James Fox

  1. Sean Connery, Thunderball, 1965.
  2. Terence Stamp, Histoires extraordinaires, (UK: Tales of Mystery and Imagination; US: Spirits of the Dead), France-Italy, 1967.  Losing Marlon Brando, Richard Burtpn and Peter O’Toole from his Toby Dammit sketch, Italian maestro  Federico Fellini called a London casting agent, asking to see the most decadent actors available. Fox and Stamp went to Rome. Stamp stayed.
  3. Daniel Massey, Star! 1968.        “Jimmy is a fine, lovely talent,” agreed director Robert Wise,  “but not right as Noel Coward.  Dan, on the other  hand, was a good match.”   (And, in fact, Coward’s Godson). He was sure better than Julie Andrews in the title role of Gertrude Lawrence. The film failed –  twice – being re-hyped as Those Were The Happy Times.  They were decidedly not!
  4. John Hurt, Sinful Davey, 1969.     Performance, his father’s death and smoking the DMT hallucinogenic with Mick Jagger, created  nervous breakdown and Fox quit cinema for God. “People think Performance blew my mind – my mind was blown long before that… I was going through some kind of crisis. I didn’t take that much acid.”
  5. Simon Ward, Young Winston, 1972.      He was still in The Navigators – not  a rock band but the Leeds branch of the Colorado-based evangelical movement,. And stayed withb them for a decade,  meeting his wife, Mary, having five children, rediscovering his values while wortking as “a telephone-sterilising service salesman… and encouraging people to have a personal relationship with God.”
  6. Jeremy Irons, The French Lieutenant’s Woman, 1981.     And, at age 40, he returned to acting in 1979… finding it difficult  to reconcile the wotkm with his new beliefs.  He refused the first comeback job – the blasphemy, sex and brothel scenes bothered his religious conscience.  “Probably,  they thought I was a bit of a weirdo anyway. They were wary of me.”
  7. Patrick Stewart, Lifeforce, 1984.
  8. Sean Connery, The Name Of The Rose, 1986.     The Navigator had no wish to play a monk, thank you. “I came back as a different man and obviously as a worse actor. I hadn’t been practising it for nine or 10 years. And I probably lost touch with who I was in terms of my craft, my identity – and other people’s perception of me.”

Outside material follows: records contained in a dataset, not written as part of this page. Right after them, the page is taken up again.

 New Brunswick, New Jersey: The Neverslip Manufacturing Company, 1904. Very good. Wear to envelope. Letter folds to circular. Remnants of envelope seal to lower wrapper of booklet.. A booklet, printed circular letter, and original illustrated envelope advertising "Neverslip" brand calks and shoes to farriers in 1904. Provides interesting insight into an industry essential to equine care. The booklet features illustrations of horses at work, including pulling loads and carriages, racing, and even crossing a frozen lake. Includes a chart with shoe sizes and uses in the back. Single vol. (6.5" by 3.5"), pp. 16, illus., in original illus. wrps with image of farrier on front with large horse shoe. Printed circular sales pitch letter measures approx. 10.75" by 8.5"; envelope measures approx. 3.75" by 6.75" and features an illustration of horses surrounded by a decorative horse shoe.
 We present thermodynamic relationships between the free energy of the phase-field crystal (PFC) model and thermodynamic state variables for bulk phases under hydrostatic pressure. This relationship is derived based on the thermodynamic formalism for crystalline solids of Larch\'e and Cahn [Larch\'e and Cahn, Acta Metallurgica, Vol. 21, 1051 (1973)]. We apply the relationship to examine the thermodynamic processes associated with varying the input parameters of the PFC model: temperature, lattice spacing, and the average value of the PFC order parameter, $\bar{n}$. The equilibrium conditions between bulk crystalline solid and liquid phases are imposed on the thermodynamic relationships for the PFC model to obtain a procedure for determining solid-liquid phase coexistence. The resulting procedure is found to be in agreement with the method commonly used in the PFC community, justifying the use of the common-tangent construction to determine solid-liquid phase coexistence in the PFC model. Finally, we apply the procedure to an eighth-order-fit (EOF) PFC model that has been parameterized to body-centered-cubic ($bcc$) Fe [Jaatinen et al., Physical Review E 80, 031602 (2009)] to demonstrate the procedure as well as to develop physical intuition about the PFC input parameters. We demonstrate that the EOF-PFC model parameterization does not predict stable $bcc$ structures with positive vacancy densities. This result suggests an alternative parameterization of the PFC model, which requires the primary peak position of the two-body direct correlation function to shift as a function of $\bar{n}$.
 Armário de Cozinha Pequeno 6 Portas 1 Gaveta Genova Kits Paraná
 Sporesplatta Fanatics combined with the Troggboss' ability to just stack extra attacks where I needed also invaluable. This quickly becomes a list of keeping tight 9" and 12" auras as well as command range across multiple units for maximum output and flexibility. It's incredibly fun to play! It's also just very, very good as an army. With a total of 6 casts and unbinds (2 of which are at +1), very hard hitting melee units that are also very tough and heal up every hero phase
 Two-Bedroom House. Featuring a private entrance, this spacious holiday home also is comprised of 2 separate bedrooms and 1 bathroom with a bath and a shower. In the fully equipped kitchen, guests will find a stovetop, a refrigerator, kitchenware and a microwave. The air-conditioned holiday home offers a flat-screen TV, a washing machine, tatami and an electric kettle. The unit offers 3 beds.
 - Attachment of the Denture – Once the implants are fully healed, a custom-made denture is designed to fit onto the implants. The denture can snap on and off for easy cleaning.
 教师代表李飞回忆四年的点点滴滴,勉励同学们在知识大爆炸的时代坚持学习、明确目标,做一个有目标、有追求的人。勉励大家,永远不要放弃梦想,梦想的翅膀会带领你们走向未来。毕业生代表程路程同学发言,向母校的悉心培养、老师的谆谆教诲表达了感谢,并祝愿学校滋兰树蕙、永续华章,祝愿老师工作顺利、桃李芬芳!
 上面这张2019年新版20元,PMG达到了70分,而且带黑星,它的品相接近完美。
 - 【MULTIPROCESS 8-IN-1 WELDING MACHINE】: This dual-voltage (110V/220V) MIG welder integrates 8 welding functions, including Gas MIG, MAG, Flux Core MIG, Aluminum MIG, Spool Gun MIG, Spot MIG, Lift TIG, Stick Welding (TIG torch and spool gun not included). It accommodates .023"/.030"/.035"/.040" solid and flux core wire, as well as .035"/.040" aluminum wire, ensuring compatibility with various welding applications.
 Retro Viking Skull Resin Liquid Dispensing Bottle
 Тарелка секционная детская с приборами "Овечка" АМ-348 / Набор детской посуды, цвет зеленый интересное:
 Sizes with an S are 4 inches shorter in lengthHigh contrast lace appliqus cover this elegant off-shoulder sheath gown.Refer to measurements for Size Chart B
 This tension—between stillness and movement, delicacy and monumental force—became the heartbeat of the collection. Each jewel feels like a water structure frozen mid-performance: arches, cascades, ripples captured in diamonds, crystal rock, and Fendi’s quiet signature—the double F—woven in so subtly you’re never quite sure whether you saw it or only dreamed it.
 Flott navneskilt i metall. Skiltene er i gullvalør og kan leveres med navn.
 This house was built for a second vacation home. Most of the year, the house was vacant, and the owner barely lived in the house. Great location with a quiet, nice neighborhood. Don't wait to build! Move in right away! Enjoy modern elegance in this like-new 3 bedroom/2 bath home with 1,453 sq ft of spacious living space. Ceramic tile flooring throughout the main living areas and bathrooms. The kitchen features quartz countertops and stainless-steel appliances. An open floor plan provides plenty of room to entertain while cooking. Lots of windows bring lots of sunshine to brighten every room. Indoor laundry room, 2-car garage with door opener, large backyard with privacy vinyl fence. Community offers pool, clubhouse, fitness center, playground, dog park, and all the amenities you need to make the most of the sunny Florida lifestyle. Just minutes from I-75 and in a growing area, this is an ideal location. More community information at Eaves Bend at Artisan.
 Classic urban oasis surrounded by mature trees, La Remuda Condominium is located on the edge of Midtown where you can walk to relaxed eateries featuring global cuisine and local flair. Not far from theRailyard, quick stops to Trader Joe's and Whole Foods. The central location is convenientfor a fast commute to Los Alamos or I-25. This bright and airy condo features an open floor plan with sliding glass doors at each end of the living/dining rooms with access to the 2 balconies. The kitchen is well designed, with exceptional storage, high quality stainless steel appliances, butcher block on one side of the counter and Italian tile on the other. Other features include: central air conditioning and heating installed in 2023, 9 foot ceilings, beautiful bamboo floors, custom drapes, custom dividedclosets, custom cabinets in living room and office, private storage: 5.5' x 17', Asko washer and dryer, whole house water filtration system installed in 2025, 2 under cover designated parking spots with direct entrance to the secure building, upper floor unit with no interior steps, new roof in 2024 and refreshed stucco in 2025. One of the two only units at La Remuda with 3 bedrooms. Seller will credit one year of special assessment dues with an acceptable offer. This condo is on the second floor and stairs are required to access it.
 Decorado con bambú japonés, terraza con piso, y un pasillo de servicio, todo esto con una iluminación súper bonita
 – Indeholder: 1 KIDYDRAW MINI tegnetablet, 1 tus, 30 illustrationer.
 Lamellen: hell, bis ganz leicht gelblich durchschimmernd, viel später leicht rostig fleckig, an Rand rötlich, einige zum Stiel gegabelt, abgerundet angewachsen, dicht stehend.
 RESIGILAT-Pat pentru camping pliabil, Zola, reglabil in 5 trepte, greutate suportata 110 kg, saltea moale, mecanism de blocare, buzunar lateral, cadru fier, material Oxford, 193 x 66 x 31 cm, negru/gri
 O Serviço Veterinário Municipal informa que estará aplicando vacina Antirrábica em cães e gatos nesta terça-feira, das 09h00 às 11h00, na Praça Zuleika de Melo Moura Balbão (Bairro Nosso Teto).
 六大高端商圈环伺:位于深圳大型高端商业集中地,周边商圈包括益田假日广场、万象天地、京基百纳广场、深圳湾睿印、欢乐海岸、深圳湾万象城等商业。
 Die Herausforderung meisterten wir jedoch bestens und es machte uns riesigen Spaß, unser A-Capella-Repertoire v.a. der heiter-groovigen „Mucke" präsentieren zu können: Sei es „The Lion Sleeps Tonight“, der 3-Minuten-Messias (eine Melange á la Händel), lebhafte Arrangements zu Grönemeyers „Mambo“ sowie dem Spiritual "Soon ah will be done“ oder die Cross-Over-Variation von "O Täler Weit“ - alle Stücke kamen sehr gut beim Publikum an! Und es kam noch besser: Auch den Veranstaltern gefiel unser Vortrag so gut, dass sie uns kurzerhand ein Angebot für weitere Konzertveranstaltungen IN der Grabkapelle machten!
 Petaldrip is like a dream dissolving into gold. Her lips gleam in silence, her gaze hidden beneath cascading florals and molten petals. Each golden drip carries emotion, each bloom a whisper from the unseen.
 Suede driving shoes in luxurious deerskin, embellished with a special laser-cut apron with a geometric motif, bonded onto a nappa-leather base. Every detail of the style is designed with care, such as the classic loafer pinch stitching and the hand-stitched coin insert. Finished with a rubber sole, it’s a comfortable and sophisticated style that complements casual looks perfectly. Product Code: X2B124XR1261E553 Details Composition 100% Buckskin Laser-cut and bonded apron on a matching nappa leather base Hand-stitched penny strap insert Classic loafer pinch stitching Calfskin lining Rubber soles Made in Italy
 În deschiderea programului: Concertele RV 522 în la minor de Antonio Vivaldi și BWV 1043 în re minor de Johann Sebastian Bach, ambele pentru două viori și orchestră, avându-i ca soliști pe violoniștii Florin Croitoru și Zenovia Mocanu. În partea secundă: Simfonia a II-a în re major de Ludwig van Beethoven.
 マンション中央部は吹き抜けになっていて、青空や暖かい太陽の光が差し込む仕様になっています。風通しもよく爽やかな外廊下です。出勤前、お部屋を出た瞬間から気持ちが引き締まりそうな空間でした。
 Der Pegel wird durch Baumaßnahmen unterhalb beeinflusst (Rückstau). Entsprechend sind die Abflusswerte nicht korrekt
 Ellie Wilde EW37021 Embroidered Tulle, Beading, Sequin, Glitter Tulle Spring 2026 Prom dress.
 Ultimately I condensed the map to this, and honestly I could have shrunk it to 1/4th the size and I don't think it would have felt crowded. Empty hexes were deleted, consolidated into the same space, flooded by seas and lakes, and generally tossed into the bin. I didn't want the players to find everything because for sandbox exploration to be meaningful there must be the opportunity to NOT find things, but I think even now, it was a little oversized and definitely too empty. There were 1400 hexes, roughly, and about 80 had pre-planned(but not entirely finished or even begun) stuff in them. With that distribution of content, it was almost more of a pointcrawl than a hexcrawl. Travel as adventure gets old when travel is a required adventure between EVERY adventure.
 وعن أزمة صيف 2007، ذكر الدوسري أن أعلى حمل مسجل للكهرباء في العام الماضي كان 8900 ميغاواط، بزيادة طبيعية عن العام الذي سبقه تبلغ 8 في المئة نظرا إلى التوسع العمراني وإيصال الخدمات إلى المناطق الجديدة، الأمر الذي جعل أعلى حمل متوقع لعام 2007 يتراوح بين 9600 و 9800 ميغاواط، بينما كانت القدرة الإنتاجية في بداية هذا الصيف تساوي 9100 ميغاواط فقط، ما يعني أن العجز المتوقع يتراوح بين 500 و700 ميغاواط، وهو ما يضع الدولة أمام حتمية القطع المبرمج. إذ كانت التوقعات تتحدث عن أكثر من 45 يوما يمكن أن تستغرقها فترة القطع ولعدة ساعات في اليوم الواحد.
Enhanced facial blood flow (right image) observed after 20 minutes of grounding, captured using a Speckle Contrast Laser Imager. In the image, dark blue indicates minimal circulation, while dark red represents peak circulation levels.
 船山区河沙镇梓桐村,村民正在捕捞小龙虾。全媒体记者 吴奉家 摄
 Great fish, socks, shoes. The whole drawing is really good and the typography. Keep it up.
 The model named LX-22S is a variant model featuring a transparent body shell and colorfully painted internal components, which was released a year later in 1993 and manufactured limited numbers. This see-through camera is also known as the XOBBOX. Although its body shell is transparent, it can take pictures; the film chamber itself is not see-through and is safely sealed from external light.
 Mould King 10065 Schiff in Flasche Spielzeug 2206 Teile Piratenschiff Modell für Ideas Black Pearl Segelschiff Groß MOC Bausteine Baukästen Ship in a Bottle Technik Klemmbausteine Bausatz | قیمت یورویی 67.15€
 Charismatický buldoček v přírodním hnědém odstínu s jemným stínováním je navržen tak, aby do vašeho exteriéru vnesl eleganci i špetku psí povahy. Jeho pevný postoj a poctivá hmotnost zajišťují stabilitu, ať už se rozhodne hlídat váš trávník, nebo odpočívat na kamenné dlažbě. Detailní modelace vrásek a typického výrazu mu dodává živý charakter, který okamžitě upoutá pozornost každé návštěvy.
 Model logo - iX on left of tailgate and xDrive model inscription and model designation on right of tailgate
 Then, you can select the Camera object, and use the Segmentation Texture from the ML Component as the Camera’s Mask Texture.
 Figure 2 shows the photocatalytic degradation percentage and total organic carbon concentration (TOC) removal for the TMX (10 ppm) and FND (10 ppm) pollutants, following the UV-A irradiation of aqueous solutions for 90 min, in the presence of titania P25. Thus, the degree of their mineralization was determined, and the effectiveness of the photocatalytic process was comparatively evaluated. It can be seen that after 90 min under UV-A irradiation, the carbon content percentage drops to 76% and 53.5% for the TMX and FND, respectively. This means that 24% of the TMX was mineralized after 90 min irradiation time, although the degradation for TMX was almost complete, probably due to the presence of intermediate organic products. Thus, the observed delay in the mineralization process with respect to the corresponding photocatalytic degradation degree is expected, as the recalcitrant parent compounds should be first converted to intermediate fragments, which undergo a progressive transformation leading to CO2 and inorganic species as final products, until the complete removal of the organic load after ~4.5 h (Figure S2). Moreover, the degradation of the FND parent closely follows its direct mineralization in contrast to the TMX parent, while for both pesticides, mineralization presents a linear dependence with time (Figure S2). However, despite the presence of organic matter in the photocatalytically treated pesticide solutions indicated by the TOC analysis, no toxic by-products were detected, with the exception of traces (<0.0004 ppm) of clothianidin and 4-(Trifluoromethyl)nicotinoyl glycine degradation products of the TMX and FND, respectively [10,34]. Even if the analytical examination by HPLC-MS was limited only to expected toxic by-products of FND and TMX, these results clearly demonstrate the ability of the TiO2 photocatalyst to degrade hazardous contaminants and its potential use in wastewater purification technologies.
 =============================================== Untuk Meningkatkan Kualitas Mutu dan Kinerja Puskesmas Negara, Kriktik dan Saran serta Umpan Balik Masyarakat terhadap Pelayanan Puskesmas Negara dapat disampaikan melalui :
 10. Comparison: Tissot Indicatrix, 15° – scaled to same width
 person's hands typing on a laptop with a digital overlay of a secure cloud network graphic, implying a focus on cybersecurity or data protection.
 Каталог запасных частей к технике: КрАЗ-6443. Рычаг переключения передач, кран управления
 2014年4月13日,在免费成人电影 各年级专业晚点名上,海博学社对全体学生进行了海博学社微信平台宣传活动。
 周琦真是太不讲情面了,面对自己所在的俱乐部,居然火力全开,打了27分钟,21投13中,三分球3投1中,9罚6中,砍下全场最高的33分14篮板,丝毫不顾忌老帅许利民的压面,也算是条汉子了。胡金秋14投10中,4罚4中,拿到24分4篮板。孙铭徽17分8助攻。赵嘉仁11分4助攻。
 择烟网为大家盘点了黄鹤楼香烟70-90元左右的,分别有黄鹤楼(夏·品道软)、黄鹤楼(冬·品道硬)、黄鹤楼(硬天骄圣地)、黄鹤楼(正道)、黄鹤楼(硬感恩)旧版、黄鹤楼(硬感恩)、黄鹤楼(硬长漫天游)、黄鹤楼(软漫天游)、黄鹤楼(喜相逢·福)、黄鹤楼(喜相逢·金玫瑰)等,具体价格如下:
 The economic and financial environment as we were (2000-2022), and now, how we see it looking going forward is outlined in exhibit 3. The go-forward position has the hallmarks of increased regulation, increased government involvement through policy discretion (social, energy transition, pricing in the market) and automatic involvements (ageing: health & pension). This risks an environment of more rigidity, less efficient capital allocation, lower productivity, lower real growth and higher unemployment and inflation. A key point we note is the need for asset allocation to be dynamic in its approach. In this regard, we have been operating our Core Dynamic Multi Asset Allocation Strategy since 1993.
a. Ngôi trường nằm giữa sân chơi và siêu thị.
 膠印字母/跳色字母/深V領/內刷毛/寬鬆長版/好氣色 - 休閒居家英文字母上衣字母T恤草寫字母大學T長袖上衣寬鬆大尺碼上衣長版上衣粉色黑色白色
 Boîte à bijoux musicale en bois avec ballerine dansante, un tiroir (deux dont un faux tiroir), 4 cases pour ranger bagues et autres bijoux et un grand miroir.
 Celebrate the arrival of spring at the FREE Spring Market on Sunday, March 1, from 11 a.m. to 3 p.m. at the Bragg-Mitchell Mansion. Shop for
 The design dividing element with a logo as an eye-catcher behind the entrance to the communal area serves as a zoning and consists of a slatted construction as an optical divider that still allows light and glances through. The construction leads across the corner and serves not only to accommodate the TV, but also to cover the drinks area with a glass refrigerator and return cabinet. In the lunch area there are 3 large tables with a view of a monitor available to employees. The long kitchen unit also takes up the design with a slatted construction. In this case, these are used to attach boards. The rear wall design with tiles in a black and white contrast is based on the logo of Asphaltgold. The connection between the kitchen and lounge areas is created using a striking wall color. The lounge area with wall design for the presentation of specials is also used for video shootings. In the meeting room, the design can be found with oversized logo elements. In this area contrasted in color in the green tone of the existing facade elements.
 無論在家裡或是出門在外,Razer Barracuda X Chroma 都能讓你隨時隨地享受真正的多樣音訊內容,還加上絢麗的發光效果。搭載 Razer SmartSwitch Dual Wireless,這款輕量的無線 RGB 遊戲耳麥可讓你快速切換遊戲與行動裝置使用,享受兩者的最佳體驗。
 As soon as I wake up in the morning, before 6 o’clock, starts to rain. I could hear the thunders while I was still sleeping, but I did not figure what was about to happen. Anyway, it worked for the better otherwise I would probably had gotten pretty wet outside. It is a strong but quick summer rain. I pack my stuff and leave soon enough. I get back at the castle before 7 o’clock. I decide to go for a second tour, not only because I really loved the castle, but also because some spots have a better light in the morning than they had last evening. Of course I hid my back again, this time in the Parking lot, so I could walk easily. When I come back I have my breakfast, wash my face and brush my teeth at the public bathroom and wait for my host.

  9. Neil Dickson, Biggles, 1986.      Perfect suggestion for the schoolboys’ flying hero of some 96 books by Captain  WE Johns –  none as puerile as this time-travel mess.
  10. Timothy Hutton, The Torrents of Spring, 1988.     The Turgenev tale was one of 65 films exiled US director Joseph Losey could never get off the ground. Polish film-maker Jerzy Skolimowski managed it – with the aid of  the BBC.
  11. Edward Fox, Return From The River Kwaihers, 1989.     That’s what brothers are for…    Anthony  Andrews had also been suggested for the limp  Bridge on the River Kwai sequel.
  12. John Alderton, Clockwork Mice, 1994.    Change of Swaney in director Vadim Jean’s drama.